(Entries supplied Opens)
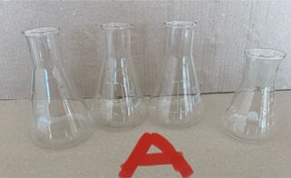 A:Beuta graduata in vetro borosilicato da 100ml cm 10h pz 1 e da 200ml cm 13 h pz 3 . In totale 4 pezzi a € 40 B: bicchieri cilindrici graduati ml 500 pz 1 , da 250ml pz 4 , da 150ml pz 2 . in totale 7 pezzi € 45.
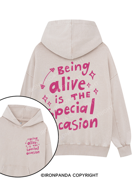 BEING ALIVE IS THE SPECIAL OCCASION Printed Washed Gym Hoodie
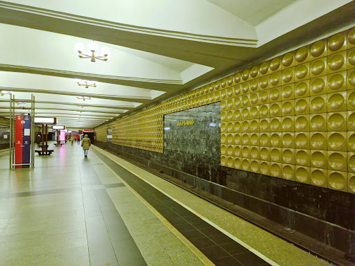 Read moreТема оформления станции — «Отдых москвичей». Путевые стены отделаны черным и тёмно-синим мрамором и плитками из штампованного алюминия. Пол выложен серым гранитом двух оттенков. Группы сидений, расположенные в центре по всей длине пассажирской платформы, совмещены с указателями станций. Освещение станции обеспечивает два ряда люстр с шестью шарообразными светильниками каждая, прикреплённых к...
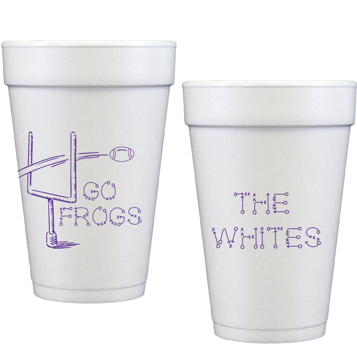 Personalized styrofoam cups are essential for college game days, tailgates, and football season.
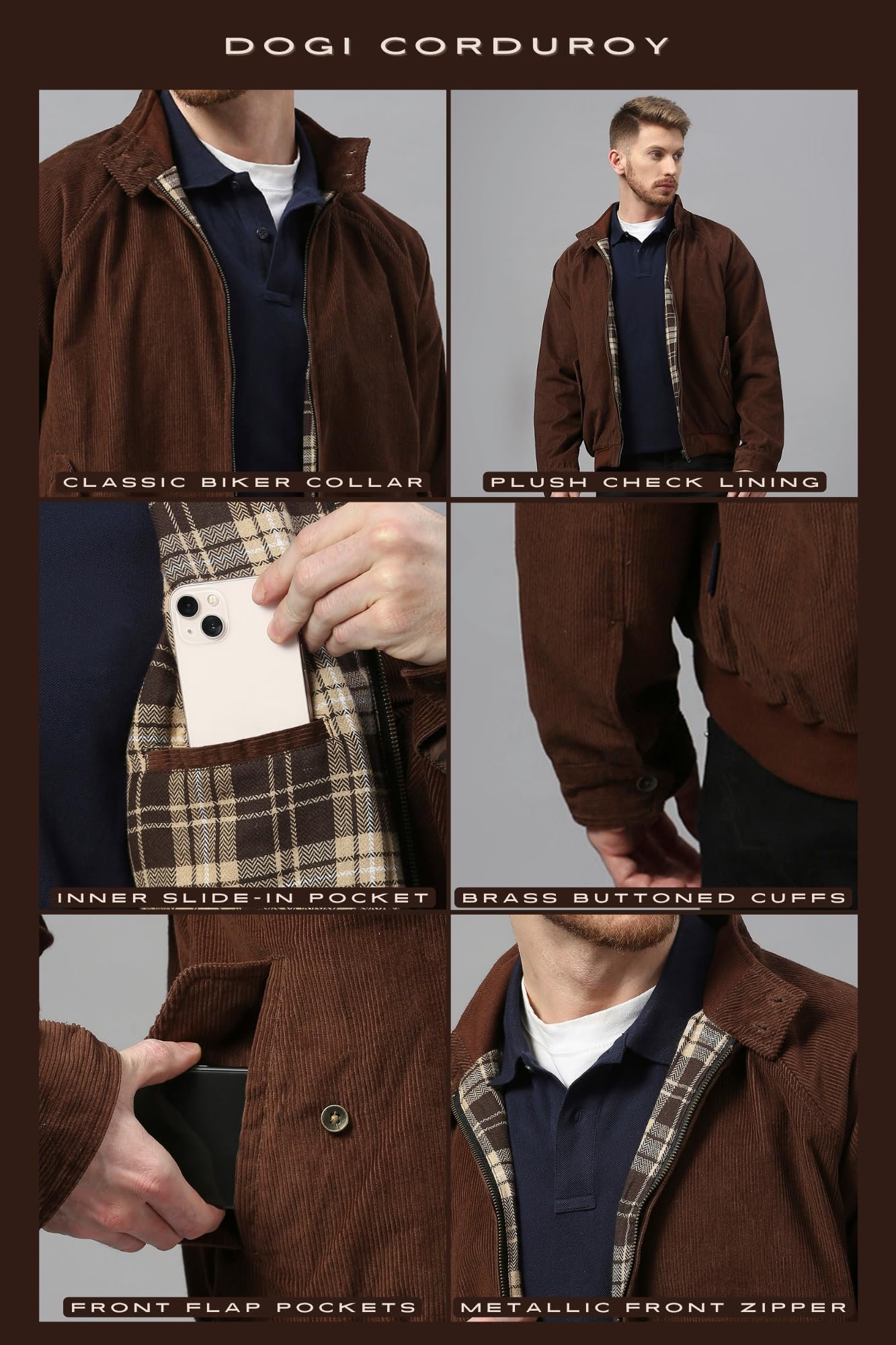 - Retro Charm Redefined: Embrace nostalgia with every wear, adorned with the DOGI Signature Flag Label and brass-buttoned cuffs, adding a touch of vintage-inspired sophistication that sets you apart effortlessly.
(Entries supplied Closes)
• **Work required**
Quote the lines above exactly, starting with the one that has "BEING ALIVE IS" and ending with the one that has "Personalized styrofoam cups"; drop the pictures and include nothing else.

• **Solution to the exercise**
 BEING ALIVE IS THE SPECIAL OCCASION Printed Washed Gym Hoodie
 Read moreТема оформления станции — «Отдых москвичей». Путевые стены отделаны черным и тёмно-синим мрамором и плитками из штампованного алюминия. Пол выложен серым гранитом двух оттенков. Группы сидений, расположенные в центре по всей длине пассажирской платформы, совмещены с указателями станций. Освещение станции обеспечивает два ряда люстр с шестью шарообразными светильниками каждая, прикреплённых к...
 Personalized styrofoam cups are essential for college game days, tailgates, and football season.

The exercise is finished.